The reset itself completes successfully, but link re-negotiation results in x8.


Code:
A. Cold Boot vs. Hot Reset Behavior



Host Boot (lspci): LnkSta: Speed 32GT/s (or 16GT/s), Width x16 -> CORRECT



VM Start (gpu-z): Bus Interface: PCIe x16 4.0 @ x8 4.0 -> FAILED



B. Troubleshooting Performed (All Failed)



VBIOS: Dumped clean VBIOS (romfile=rtx5090.bin) to bypass ROM reading latency. Result: Still x8.



Kernel Flags:



Tried pcie_acs_override=downstream (Host crashed due to IOMMU grouping).
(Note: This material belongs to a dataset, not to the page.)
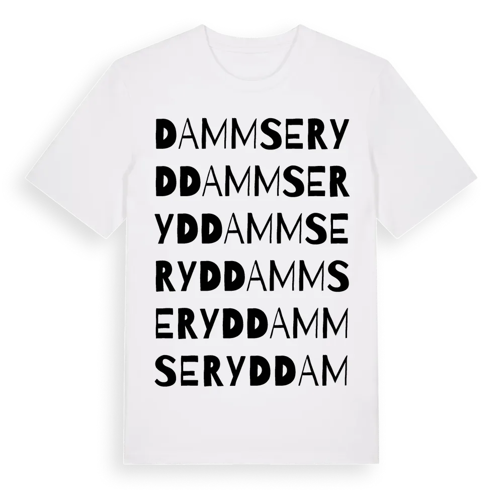 Dammseryd ordlek t-shirt är inspirerad av Dammseryd i Kronobergs län, Sverige. Tröjan är designad för dig som har en speciell koppling till platsen – oavsett om du bor här, har rötterna här eller bara älskar Dammseryd.

Forced pcie_acs_override=downstream,multifunction (Stable, but causes x8 split).



Signal Integrity:



Forced Gen 3 in BIOS. Result: Still dropped to x8. (Proves this is logic/firmware, not signal noise).
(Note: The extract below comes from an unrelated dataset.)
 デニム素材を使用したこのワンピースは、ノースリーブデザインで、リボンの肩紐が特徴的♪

Disabled Spread Spectrum. Result: No change.



Windows Driver:



Disabled/Re-enabled device in Device Manager. Result: Stuck at x8.



Changed Power Management to "Off". Result: Stuck at x8.



Troubleshooting Attempts (All Failed to Prevent x8)​


1. Signal Integrity Testing​


  • Forced Gen 3 in BIOS: Still dropped to x8 (proves not signal noise)
  • Disabled Spread Spectrum: No change
  • Result: Rules out physical layer issues

2. VBIOS ROM Handling​


  • Dumped clean VBIOS to romfile=rtx5090.rom to bypass ROM read latency
  • Result: Still x8

3. Kernel Parameters Tested
Code:
# Tried individually and in combination:
pcie_acs_override=downstream,multifunction  # Caused x8 split
pcie_aspm=off                                # Already in use
pci=nocrs,noaer                             # No effect
pcie_port_pm=off                            # No effect
pci=pcie_bus_perf                           # Not yet tested

4. PCIe Configuration Locking Scripts​


Code:
setpci -s 01:00.0 CAP_EXP+0x10.W=0x0000  # Disable ASPM
setpci -s 01:00.0 CAP_PM+0x04.W=0x0000   # Force D0 state
setpci -s 01:00.0 CAP_EXP+0x30.W=0x0010  # Lock target width x16



Questions for the Community​


  1. Has anyone successfully worked around PCIe bifurcation on ASUS X870E boards with Gen 5 GPUs?
  2. Is there a way to completely disable vfio-pci device resets?We've tried:
    • Module parameters: disable_vga=1 disable_idle_d3=1 nointxmask=1
    • Module wrapper scripts
    • Kernel parameters to disable PCIe reset mechanisms
  3. Can QEMU be configured to skip device resets entirely during passthrough? Are there hostpci parameters or machine-type options that prevent FLR?
  4. Secure Boot Lockdown: Our system is in lockdown mode (evidenced by "Operation not permitted" on setpci). Is there a way to disable PCIe config space protection while maintaining Secure Boot?